Researchers Believe They’ve Discovered Something Pretty Cool About Monet Painting
Jan. 24, 2014 11:28am Elizabeth Kreft
Texas State University researchers believe they have pinpointed the exact moment that inspired a 131-year-old seminal work of art.
The research team used forensic astronomy to reveal new details about Oscar-Claude Monet’s experience while painting his popular Étretat: Sunset. The father of the French Impressionist movement painted the stunning seascape during a trip to the Normandy coast in 1883, but the team wanted to uncover more details about the precise moments in which the painter captured the scene.
The team published their findings in the February 2014 issue of Sky & Telescope magazine, which trace Monet’s footsteps along the coast, and use astronomical data to determine the captured moment was: February 5th, 1883 at 4:53 PM local time.
Olson’s ironic research attempts to pinpoint an exact moment – they claim 4:53 p.m. Feb 5th, 1883 – when Monet captured his famous sunset off the Coast of Normandy. Yet Impressionist artists reeled against such academic, exacting rigor.
Astrophysicist Donald Olson led the research team to the Normandy cliffs in 2012, where they determined the artists vantage point much like any other tourist might: by using postcard-size replicas of Étretat: Sunset., reports The Verge. Once they identified the location, that’s when the research kicked up a notch: they used sophisticated planetary software to determine what a 19th century sky would have looked like, focusing on the position of the moon and sun.
The prime difficulty in their research was the time of year in which they traveled; Monet documented his painting experience in letters to his future wife that show he spent weeks in February on the Normandy coast to capture the scene. But Olson’s research team traveled to France in the summer.
Still, of Monet’s series of paintings during that winter trip, Sunset is the only one that includes the low-setting sun, depicted to the right of a seaside cliff and needle-shaped rock formation. And the crescent moon and star fields allowed Olson and his team to determine the path along which the sun would have set.

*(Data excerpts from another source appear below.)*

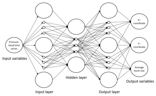 The problem formulation requires the establishment of the input and output variables of the ANN. After preliminary tests in which several combinations of variables of the ANN are analyzed, the configuration with the best results is the one in which the input variables are the pressure–head time series at the 21 sensors corresponding to Set I and the output variables are the node location described by the Cartesian X and Y coordinates and the average burst discharge.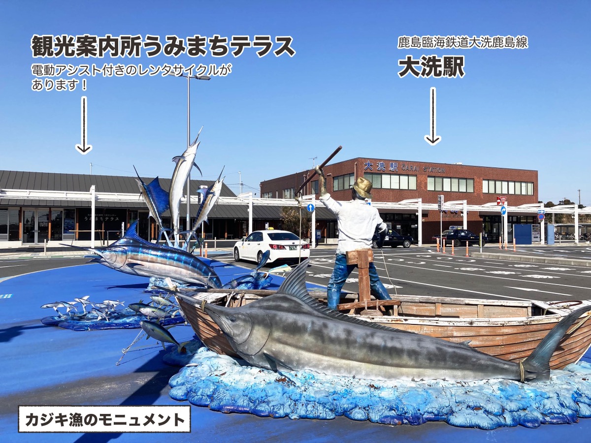 カジキ漁のモニュメントが目を引く大洗駅からスタート!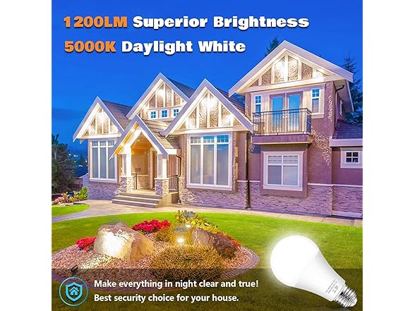 - 【Superior Brightness】The outdoor LED dusk to dawn light bulbs offer 1200lm super bright lighting with CRI (Color Rendering Index) 90+, revealing fantastic color of various objects like an ideal or natural light source, its 5000k daylight nature glow makes every dark corner in your home looked just like during the day.

Based on their calculations, the Texas researchers concluded Monet painted the work between February 3rd and 7th. After studying the letters Monet wrote during that time, as well as historical weather and tidal data, they narrowed the precise date to February 5th, 1883 at 4:53 PM local time.

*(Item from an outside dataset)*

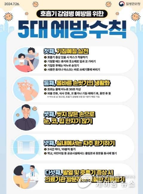 호흡기 감염병의 발생과 전파 예방을 위해서는 △ 접종 시기에 맞춰 예방접종 실시 △ 흐르는 물에 30초 이상 올바른 손씻기 △ 기침할 때 옷소매로 입과 코 가리기 △ 실내에서 자주 환기하기 △ 증상 발생 시 의료기관 방문해 진료받기 등 예방수칙을 준수하는 것이 중요하다.

Monet’s Impression, Sunrise, is usually identified as the start of the Impressionist movement. Perhaps Olson and his team can try to dissect this painting next, and get Monet to roll over in his grave twice.

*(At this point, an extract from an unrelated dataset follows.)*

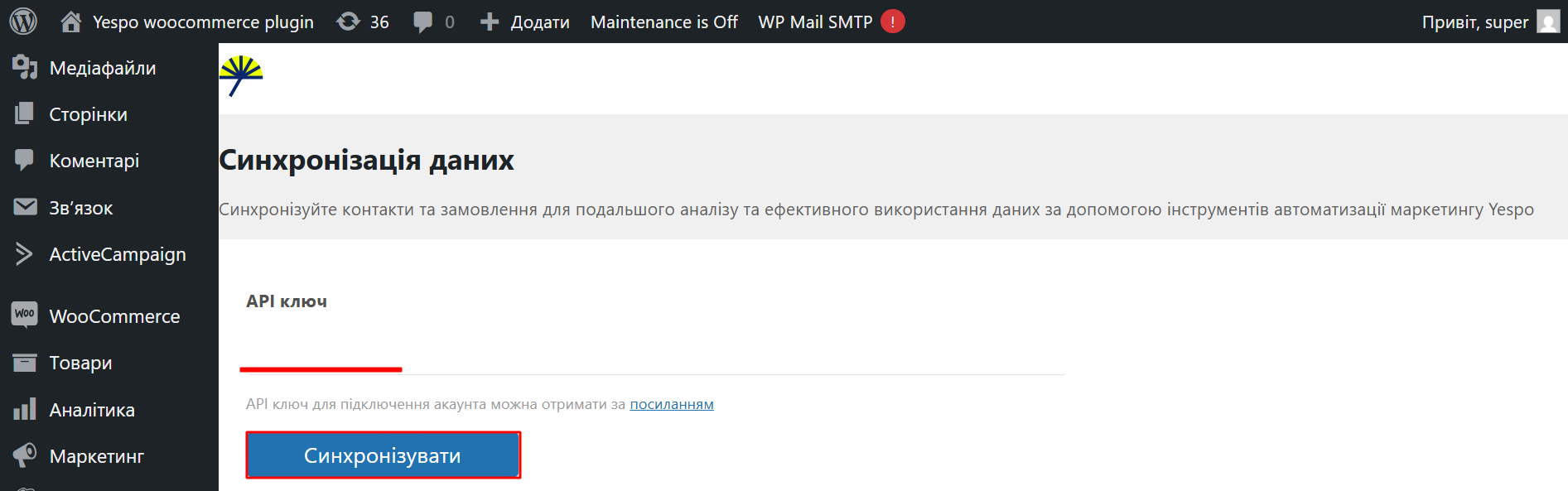 - Введіть свій ключ API з повним доступом з облікового запису eSputnik і натисніть Синхронізувати, щоб розпочати синхронізацію даних.

In letters Monet wrote to his future wife Alice Hoschedé, the painter revealed details about his sunset project, so there are historical records to support the researchers data. Monet’s February 1883 letters describe how difficult the conditions were, with changing tides and weather, and the challenging terrain, according to a Monet Web site:
When, in true Impressionist manner, he set up his easel on the shore to observe the subject, he was making studies that he intended to take back to his studio for producing finished paintings. His hope of having a few finished canvases at the conclusion of his three-week sojourn was not realized, but he did paint at least eighteen views of Etretat dated 1883.
The irony of the research relates to the thrust of Impressionist work; these artists strove to rebel against academic accuracy in their work. Monet, Renoir, Degas, Pissaro… they all embraced a radical artistic style that focused on freely brushed colors vice carefully crafted lines and contours.
But Olson admits some mystery remains about the painting. “You can’t ruin a painting’s mystique through technical analysis,” Olson said in a 2009 interview with Smithsonian Magazine. “It still has the same emotional impact. We are just separating the real from the unreal.”